### Required action
Only the lines from the one that contains "大野亀の周辺は遊歩道が延びて" to the last line below, both included, should be transcribed. Pictures stay out of the copy.

### Information shown
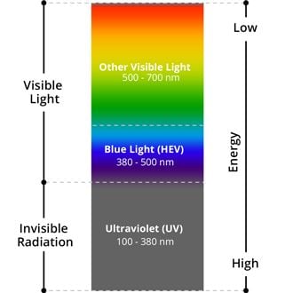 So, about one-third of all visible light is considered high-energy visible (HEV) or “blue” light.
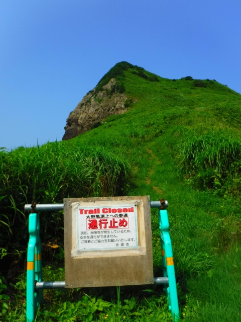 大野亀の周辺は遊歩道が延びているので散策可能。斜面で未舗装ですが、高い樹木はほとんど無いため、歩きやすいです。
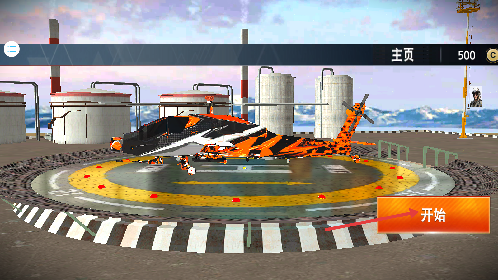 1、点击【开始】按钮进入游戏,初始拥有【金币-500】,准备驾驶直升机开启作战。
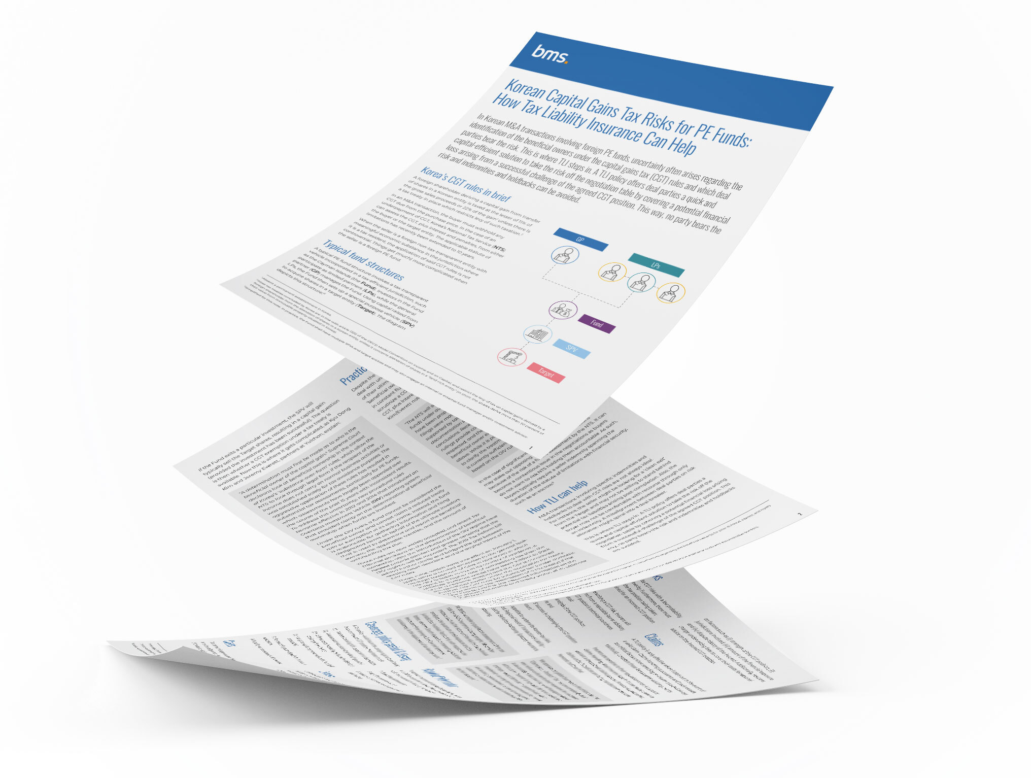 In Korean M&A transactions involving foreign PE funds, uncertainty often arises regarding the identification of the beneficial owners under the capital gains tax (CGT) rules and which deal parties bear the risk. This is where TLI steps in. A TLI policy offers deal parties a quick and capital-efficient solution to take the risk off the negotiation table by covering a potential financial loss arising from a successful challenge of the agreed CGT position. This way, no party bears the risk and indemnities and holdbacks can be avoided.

### Answer below
 大野亀の周辺は遊歩道が延びているので散策可能。斜面で未舗装ですが、高い樹木はほとんど無いため、歩きやすいです。
 1、点击【开始】按钮进入游戏,初始拥有【金币-500】,准备驾驶直升机开启作战。
 In Korean M&A transactions involving foreign PE funds, uncertainty often arises regarding the identification of the beneficial owners under the capital gains tax (CGT) rules and which deal parties bear the risk. This is where TLI steps in. A TLI policy offers deal parties a quick and capital-efficient solution to take the risk off the negotiation table by covering a potential financial loss arising from a successful challenge of the agreed CGT position. This way, no party bears the risk and indemnities and holdbacks can be avoided.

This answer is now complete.